ASSIGNMENT => The answer should consist of the full listing below, repeated exactly and free of pictures.
[EXCERPTED DATA]
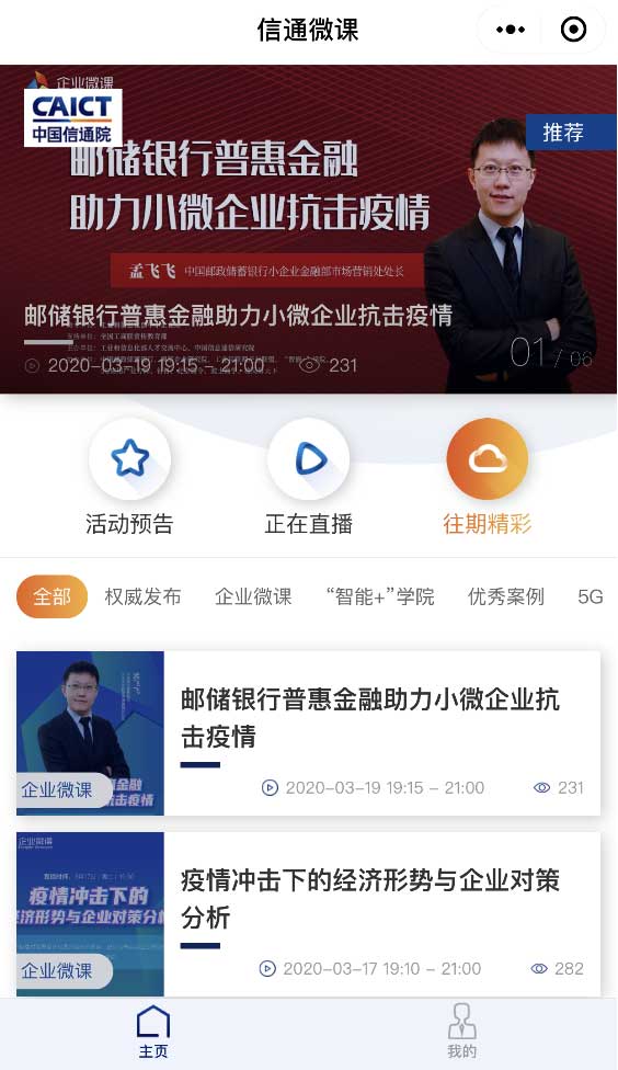权威发布栏目主要内容有院白皮书发布及各所研究报告等的发布,目前采用录播上传的方式,后期会将线下的发布会线上直播或录播上传,多为PGC,课程列表如《全国智慧城市产业研究报告》、《“互联网+行业”个人信息保护研究报告》;企业微课栏目主要为与工信部合作直播内容,为市场客户提供多方位学习内容;“智能+”学院栏目主要与“智能+”学院平台合作,将公益直播等录播上传,为UGC内容,课程列表目前为智能+学院公益直播内容;优秀案例栏目主要为院横向市场合作的成功案例短视频,为PGC和UGC结合内容,目前有数字经济、区块链及5G业务介绍及优秀案例分享,后续有更多合作案例展出供客户参考。其余业务板块多为相关业务的专家讲座、业务介绍、线下展会及会议录像、线上直播等内容。更多板块内容可浏览“信通微课”小程序。主视觉如下图:
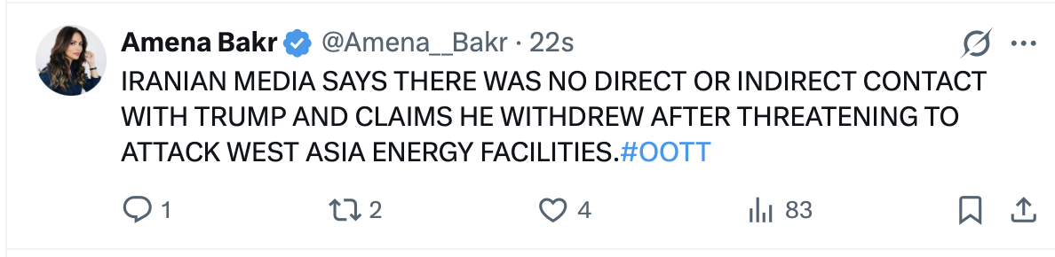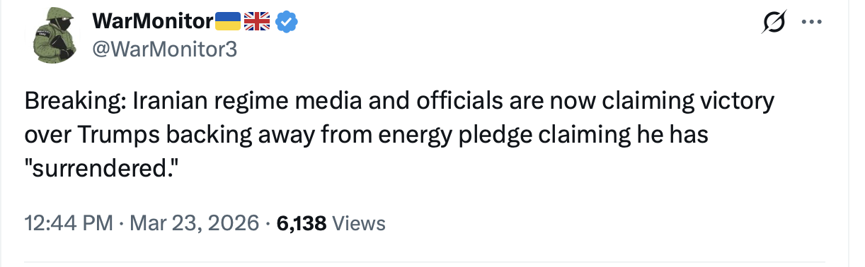 BASED ON THE TENOR AND TONE OF THESE IN DEPTH, DETAILED, AND CONSTRUCTIVE CONVERSATIONS, WITCH WILL CONTINUE THROUGHOUT THE WEEK, I HAVE INSTRUCTED THE DEPARTMENT OF WAR TO POSTPONE ANY AND ALL MILITARY STRIKES AGAINST IRANIAN POWER PLANTS AND ENERGY INFRASTRUCTURE FOR A FIVE DAY PERIOD, SUBJECT TO THE SUCCESS OF THE ONGOING MEETINGS AND DISCUSSIONS. THANK YOU FOR YOUR ATTENTION TO THIS MATTER! PRESIDENT DONALD J. TRUMP"
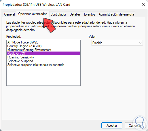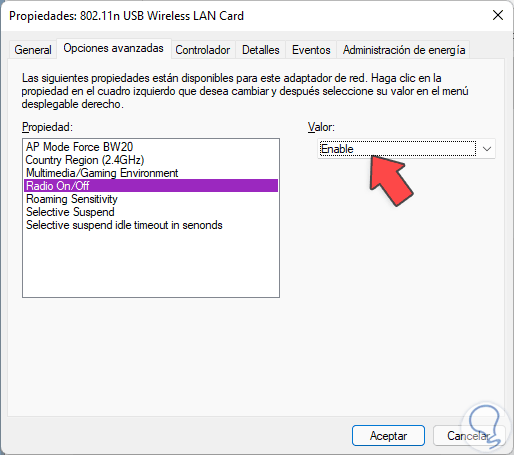 Seleccionamos el valor "Radio On/Off" y establecemos el valor "Enabled":
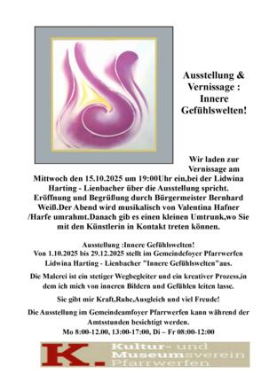Von 1.10.2025 bis 29.12.2025 stellt im Gemeindefoyer Pfarrwerfen Lidwina Harting - Lienbacher "Innere Gefühlswelten"aus.
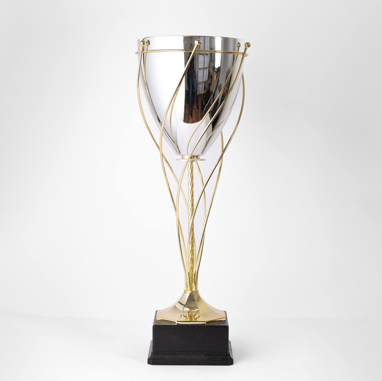This stunning trophy features a sleek silver metal cup beautifully complemented by a unique gold-plated swirly metal structure that adds an artistic flair. The graceful curves of the design symbolize movement and excellence, making it a striking centerpiece. The trophy is anchored by a solid black oak wooden base, providing stability and a classic contrast to the gleaming finishes. Crafted in Italy, this trophy perfectly embodies sophistication and celebration, making it an ideal award for honoring exceptional achievements.
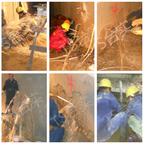 臺(tái)實(shí)接到管廊搶險(xiǎn)通知,高層領(lǐng)導(dǎo)非常重視,險(xiǎn)情就是命令,工程技術(shù)人員毫不猶豫組織隊(duì)伍、設(shè)備,連夜奔赴搶險(xiǎn)一線,采用化學(xué)灌漿技術(shù),迅速展開(kāi)管廊透水救生修繕工作。臺(tái)實(shí)根據(jù)豐富的實(shí)戰(zhàn)經(jīng)驗(yàn),對(duì)該工程選擇了可灌性好的水泥--改性水玻璃作為搶險(xiǎn)材料,用鉆機(jī)造孔安裝灌漿管 ,用封漿材料和沙包將透水部位壓住 ,采用雙液壓力泵灌漿,將水泥--水玻璃從灌漿管處灌入,調(diào)節(jié)漿液的凝固時(shí)間在3-5秒左右,灌漿壓力需緩慢增加將隧道外側(cè)空洞部位填充,將灌漿壓力上升到0.3-3MPa后,即可停止該組灌漿,并將其封閉一移至下一罐漿管續(xù)灌。在灌漿過(guò)程中,隨時(shí)觀察,控制灌漿壓力,防止壓力過(guò)高引發(fā)隧道坍塌的次生災(zāi)害,讓透水部位充分填充漿液,后達(dá)到對(duì)薄弱部位完全充滿,將透水堵住。該項(xiàng)目使用了近千噸灌漿材料對(duì)透水部位進(jìn)行大量灌漿。固結(jié)溶洞及透水通道后,對(duì)透水周邊的薄弱環(huán)節(jié)進(jìn)行檢測(cè),結(jié)果是溶洞及透水通道全部充滿固結(jié),效果非常顯著,管廊功能恢復(fù)如初。
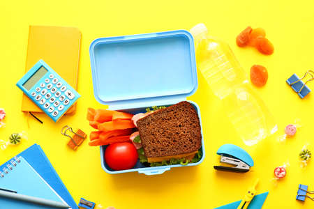 Healthy school meal, back to school concept. Children packed lunch box with balanced diet snack food - yogurt, cereal toast sandwich, apple, fresh vegetable salad, high-colored bright background
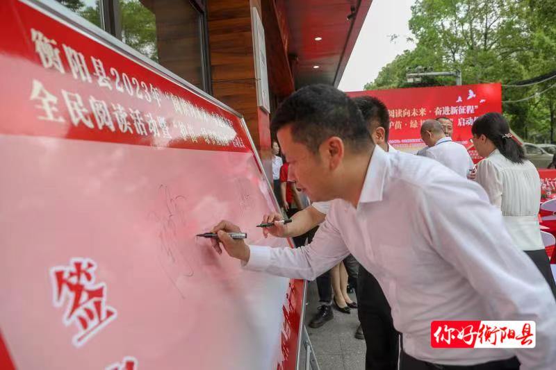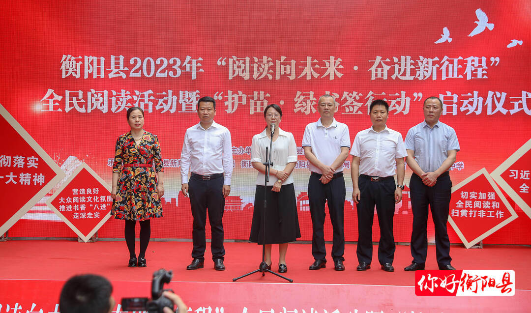 活动现场,伴随着歌舞《少年中国说》、小品《无处可逃》等一个个精彩的文艺表演,衡阳县2023年“阅读向未来·奋进新征程”全民阅读活动暨“护苗·绿书签行动”正式启动。县委常委、宣传部部长李桦、副县长罗士夫带头在全民阅读签名墙上签名,倡导全社会形成热爱阅读的良好风尚。
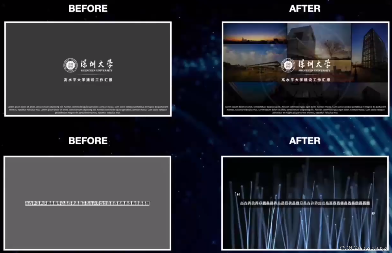 比如说:深圳大学:百度搜出来的往往过时,或者模糊,不够高清。并非不好。只是PPT中不特别适合。联想:哪里有更好看的图片:深圳大学摄影协会,深圳大学宣传,深圳大学官宣等。校内网等。
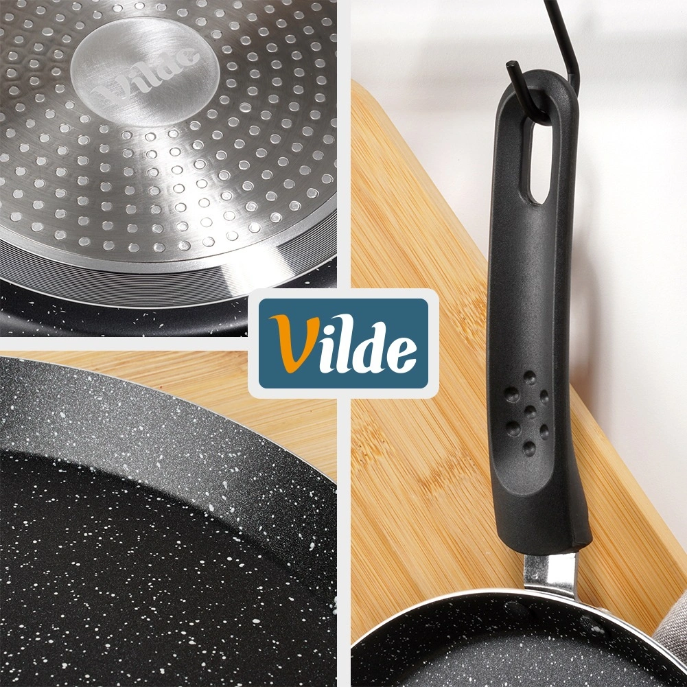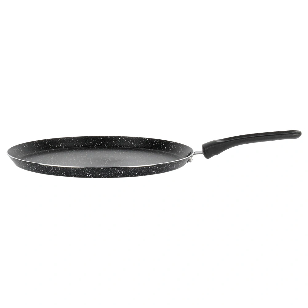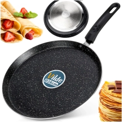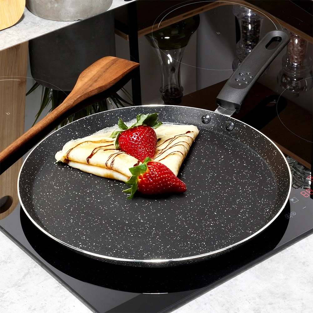Deze elegante granieten pannenkoekenpan is ideaal voor perfect dunne pannenkoeken, poffertjes en omeletten. De lage rand en het brede, vlakke oppervlak maken het schenken van beslag en het omdraaien gemakkelijk. De antiaanbaklaag maakt koken met een minimum aan olie mogelijk en zorgt voor delicate, gelijkmatig gegaarde resultaten.
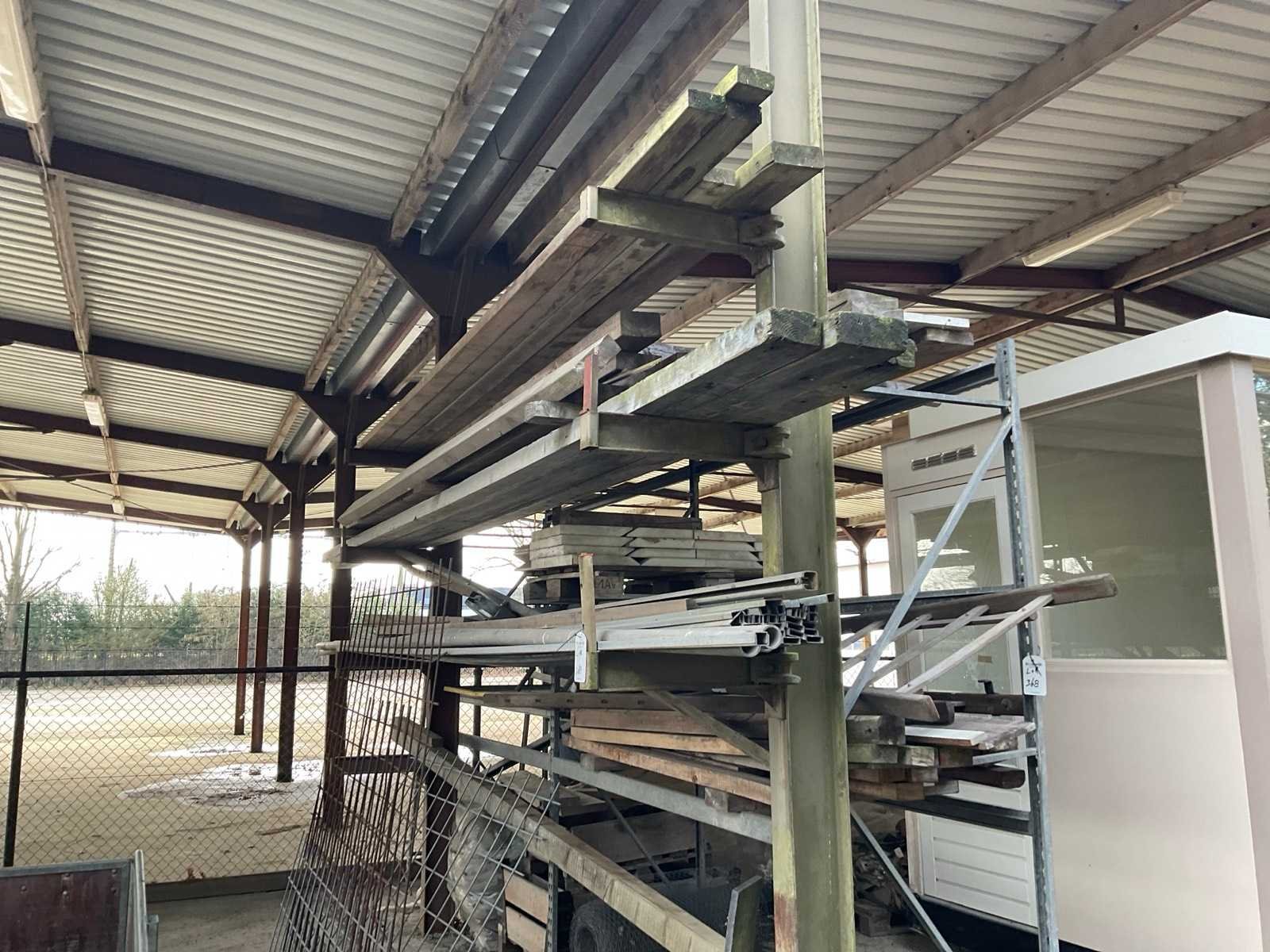 Waaronder houten balken, stalen buizen. In en inclusief magazijnstelling 450x80x260cm en draagarmen links. De draagarmen dienen gedemonteerd te worden, staanders niet inbegrepen.
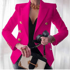 Acest blazer se remarcă prin detalii atent lucrate, cum ar fi cusăturile fine și nasturii strălucitori.
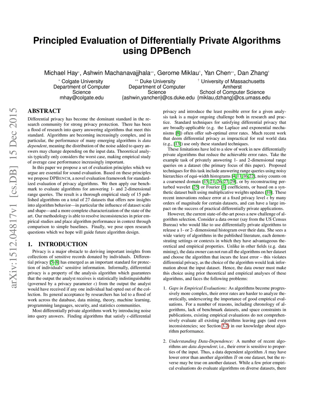Differential privacy has become the dominant standard in the research community for strong privacy protection. There has been a flood of research into query answering algorithms that meet this standard. Algorithms are becoming increasingly complex, and in particular, the performance of many emerging algorithms is {\em data dependent}, meaning the distribution of the noise added to query answers may change depending on the input data. Theoretical analysis typically only considers the worst case, making empirical study of average case performance increasingly important. In this paper we propose a set of evaluation principles which we argue are essential for sound evaluation. Based on these principles we propose DPBench, a novel evaluation framework for standardized evaluation of privacy algorithms. We then apply our benchmark to evaluate algorithms for answering 1- and 2-dimensional range queries. The result is a thorough empirical study of 15 published algorithms on a total of 27 datasets that offers new insights into algorithm behavior---in particular the influence of dataset scale and shape---and a more complete characterization of the state of the art. Our methodology is able to resolve inconsistencies in prior empirical studies and place algorithm performance in context through comparison to simple baselines. Finally, we pose open research questions which we hope will guide future algorithm design.
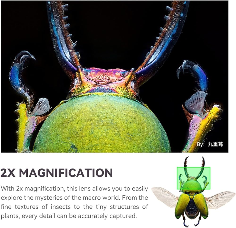 2X Magnification: With 2x magnification, this lens allows you to easily explore the mysteries of the macro world. From the fine textures of insects to the tiny structures of plants, every detail can be accurately
[/EXCERPTED DATA]
RESULT BELOW =>
权威发布栏目主要内容有院白皮书发布及各所研究报告等的发布,目前采用录播上传的方式,后期会将线下的发布会线上直播或录播上传,多为PGC,课程列表如《全国智慧城市产业研究报告》、《“互联网+行业”个人信息保护研究报告》;企业微课栏目主要为与工信部合作直播内容,为市场客户提供多方位学习内容;“智能+”学院栏目主要与“智能+”学院平台合作,将公益直播等录播上传,为UGC内容,课程列表目前为智能+学院公益直播内容;优秀案例栏目主要为院横向市场合作的成功案例短视频,为PGC和UGC结合内容,目前有数字经济、区块链及5G业务介绍及优秀案例分享,后续有更多合作案例展出供客户参考。其余业务板块多为相关业务的专家讲座、业务介绍、线下展会及会议录像、线上直播等内容。更多板块内容可浏览“信通微课”小程序。主视觉如下图:
 BASED ON THE TENOR AND TONE OF THESE IN DEPTH, DETAILED, AND CONSTRUCTIVE CONVERSATIONS, WITCH WILL CONTINUE THROUGHOUT THE WEEK, I HAVE INSTRUCTED THE DEPARTMENT OF WAR TO POSTPONE ANY AND ALL MILITARY STRIKES AGAINST IRANIAN POWER PLANTS AND ENERGY INFRASTRUCTURE FOR A FIVE DAY PERIOD, SUBJECT TO THE SUCCESS OF THE ONGOING MEETINGS AND DISCUSSIONS. THANK YOU FOR YOUR ATTENTION TO THIS MATTER! PRESIDENT DONALD J. TRUMP"
 Seleccionamos el valor "Radio On/Off" y establecemos el valor "Enabled":
Von 1.10.2025 bis 29.12.2025 stellt im Gemeindefoyer Pfarrwerfen Lidwina Harting - Lienbacher "Innere Gefühlswelten"aus.
This stunning trophy features a sleek silver metal cup beautifully complemented by a unique gold-plated swirly metal structure that adds an artistic flair. The graceful curves of the design symbolize movement and excellence, making it a striking centerpiece. The trophy is anchored by a solid black oak wooden base, providing stability and a classic contrast to the gleaming finishes. Crafted in Italy, this trophy perfectly embodies sophistication and celebration, making it an ideal award for honoring exceptional achievements.
 臺(tái)實(shí)接到管廊搶險(xiǎn)通知,高層領(lǐng)導(dǎo)非常重視,險(xiǎn)情就是命令,工程技術(shù)人員毫不猶豫組織隊(duì)伍、設(shè)備,連夜奔赴搶險(xiǎn)一線,采用化學(xué)灌漿技術(shù),迅速展開(kāi)管廊透水救生修繕工作。臺(tái)實(shí)根據(jù)豐富的實(shí)戰(zhàn)經(jīng)驗(yàn),對(duì)該工程選擇了可灌性好的水泥--改性水玻璃作為搶險(xiǎn)材料,用鉆機(jī)造孔安裝灌漿管 ,用封漿材料和沙包將透水部位壓住 ,采用雙液壓力泵灌漿,將水泥--水玻璃從灌漿管處灌入,調(diào)節(jié)漿液的凝固時(shí)間在3-5秒左右,灌漿壓力需緩慢增加將隧道外側(cè)空洞部位填充,將灌漿壓力上升到0.3-3MPa后,即可停止該組灌漿,并將其封閉一移至下一罐漿管續(xù)灌。在灌漿過(guò)程中,隨時(shí)觀察,控制灌漿壓力,防止壓力過(guò)高引發(fā)隧道坍塌的次生災(zāi)害,讓透水部位充分填充漿液,后達(dá)到對(duì)薄弱部位完全充滿,將透水堵住。該項(xiàng)目使用了近千噸灌漿材料對(duì)透水部位進(jìn)行大量灌漿。固結(jié)溶洞及透水通道后,對(duì)透水周邊的薄弱環(huán)節(jié)進(jìn)行檢測(cè),結(jié)果是溶洞及透水通道全部充滿固結(jié),效果非常顯著,管廊功能恢復(fù)如初。
 Healthy school meal, back to school concept. Children packed lunch box with balanced diet snack food - yogurt, cereal toast sandwich, apple, fresh vegetable salad, high-colored bright background
 活动现场,伴随着歌舞《少年中国说》、小品《无处可逃》等一个个精彩的文艺表演,衡阳县2023年“阅读向未来·奋进新征程”全民阅读活动暨“护苗·绿书签行动”正式启动。县委常委、宣传部部长李桦、副县长罗士夫带头在全民阅读签名墙上签名,倡导全社会形成热爱阅读的良好风尚。
 比如说:深圳大学:百度搜出来的往往过时,或者模糊,不够高清。并非不好。只是PPT中不特别适合。联想:哪里有更好看的图片:深圳大学摄影协会,深圳大学宣传,深圳大学官宣等。校内网等。
Deze elegante granieten pannenkoekenpan is ideaal voor perfect dunne pannenkoeken, poffertjes en omeletten. De lage rand en het brede, vlakke oppervlak maken het schenken van beslag en het omdraaien gemakkelijk. De antiaanbaklaag maakt koken met een minimum aan olie mogelijk en zorgt voor delicate, gelijkmatig gegaarde resultaten.
 Waaronder houten balken, stalen buizen. In en inclusief magazijnstelling 450x80x260cm en draagarmen links. De draagarmen dienen gedemonteerd te worden, staanders niet inbegrepen.
 Acest blazer se remarcă prin detalii atent lucrate, cum ar fi cusăturile fine și nasturii strălucitori.
Differential privacy has become the dominant standard in the research community for strong privacy protection. There has been a flood of research into query answering algorithms that meet this standard. Algorithms are becoming increasingly complex, and in particular, the performance of many emerging algorithms is {\em data dependent}, meaning the distribution of the noise added to query answers may change depending on the input data. Theoretical analysis typically only considers the worst case, making empirical study of average case performance increasingly important. In this paper we propose a set of evaluation principles which we argue are essential for sound evaluation. Based on these principles we propose DPBench, a novel evaluation framework for standardized evaluation of privacy algorithms. We then apply our benchmark to evaluate algorithms for answering 1- and 2-dimensional range queries. The result is a thorough empirical study of 15 published algorithms on a total of 27 datasets that offers new insights into algorithm behavior---in particular the influence of dataset scale and shape---and a more complete characterization of the state of the art. Our methodology is able to resolve inconsistencies in prior empirical studies and place algorithm performance in context through comparison to simple baselines. Finally, we pose open research questions which we hope will guide future algorithm design.
 2X Magnification: With 2x magnification, this lens allows you to easily explore the mysteries of the macro world. From the fine textures of insects to the tiny structures of plants, every detail can be accurately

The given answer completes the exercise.